インタビュアー: なるほど、仰りたいことは理解しました。最後についてですが、結論から申し上げるとそれは不可能です。

収容から月日が経つごとに、あなたの異常性はますます強さを増しているようです。あなたを殺すためなら、そしてその口実を作るためなら、もはや誰も手段を選ばなくなりました。Dクラス職員の消費など躊躇するはずもありません。

これはもうお願いでどうこうなる話ではないんです。自分の異常性を呪いながら、諦めて殺されてください。

SCP-4771-JP: 期待はしてませんでしたが、やっぱり駄目でしたか……

インタビュアー: あなたが何故そこまであのテロリストの肩を持つのかは知りません。個人的には本当に改心していたかも疑わしいですが、もう確かめようもないことですし、好きに想像すればいいと思います。

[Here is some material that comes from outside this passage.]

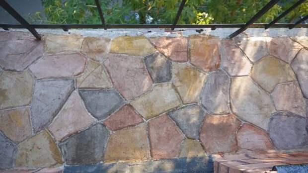 «Кирпичи» из цемента покрасить грунтовкой с колером. Цвет может быть любым.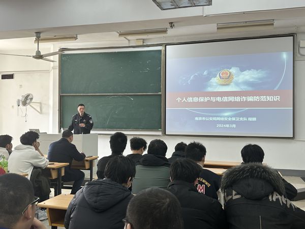 2024年3月13日,为引导学生树立防范意识,理性应对复杂多变的诈骗陷阱,麻豆传媒 麻豆传媒 党委书记高志华老师特邀优秀校友——现任南京市公安局网安支队案件侦查大队教导员程颐警官,为材料院2022级全体同学进行防范电信网络诈骗主题教育。材料院党委书记高志华老师、2022级本科生辅导员侍茜茜老师及全体同学参加会议。

ただ、あなた以外のDクラス職員は一度死んだら生き返らない消耗品ですから、下手に親しくなっても辛いだけですよ。忘れた方がいいでしょう。あなたの場合、蘇生したら記憶処理もリセットされるみたいなので、私たちからできることはありません。今日受けた治療の内容とか、明日殺される痛みとか、そういう苦しいことを考えて紛らわせてください。

SCP-4771-JP ……はい。

インタビュアー: 話は終わりですかね。明日の心臓移植実験の準備があるのでそろそろ締めますね。

[エージェント・石田がライフルを構える。]

インタビュアー: 死んだ後に言い残すことはありますか?

[銃声。53秒の静寂。SCP-4771-JPが蘇生する。]

SCP-4771-JP: 彼は……彼は私を、一度も殺しませんでした。